A giant ring of black holes were recently discovered about 430 million light years from Earth

It's known as Arp 147 — object number 147 in astrophysicist Halton Arp's Atlas of Peculiar Galaxies. For years, astronomers have known that it's really two galaxies that smashed through each other millions of years ago.

The collision didn't destroy either of the massive star clusters, but it did send massive shock waves rocketing outward in both, compressing sparse interstellar gas at their leading edges. That caused the galaxies to burst into light as rings of newly formed stars, spanning tens of thousands of light-years.

The pair looks spectacular enough — especially the right-hand galaxy — when photographed in ordinary light. But the cosmos glows with kinds of light our eyes can't see, all the way from radio waves up through infrared, ultraviolet and X-rays.
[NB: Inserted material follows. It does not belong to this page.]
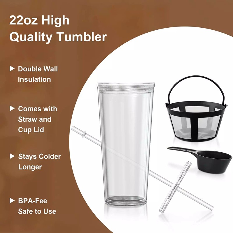 - 【What you get】 Includes an iced coffee machine, a reusable coffee filter, a scoop, and a 22oz. coffee tumbler with lid and straw, so you can easily take your coffee on the go. Reusable coffee filter and brew basket are dishwasher safe. All of these are BPA free.
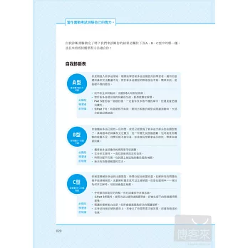 2. 自我診斷掌握弱點│不同於坊間填鴨式的模擬試題,本書的自我診斷能讓你迅速掌握弱點,瞭解不足的地方並加以補強。

And when you look at Arp 147 with X-ray vision, as the orbiting Chandra X-Ray Observatory can, something else appears: the telltale glow of black holes, studded around the circle of stars like diamonds on a ring. (In this picture, a composite of Hubble and Chandra images superimposed, they show up in pink.) The black holes come from massive stars created by the shock wave, which have already sped through their life cycles and collapsed into the universe's ultimate vacuum cleaners. Black holes being black, it isn't the objects themselves that astronomers see; instead, it's surrounding gases being sucked into the holes, heated up to millions of degrees as they go.

All of that cosmic violence seems comfortably far away: Arp 147 is about 430 million light-years from Earth (that's 2 billion trillion miles, give or take), in the constellation Cetus. But we're not as safe as we think. The Milky Way is currently on a slow collision course with Andromeda, the spiral galaxy that sits practically next door in astronomical terms. In five billion years or so, the two will probably collide — and when that happens, our home galaxy could go through some wrenching changes of its own.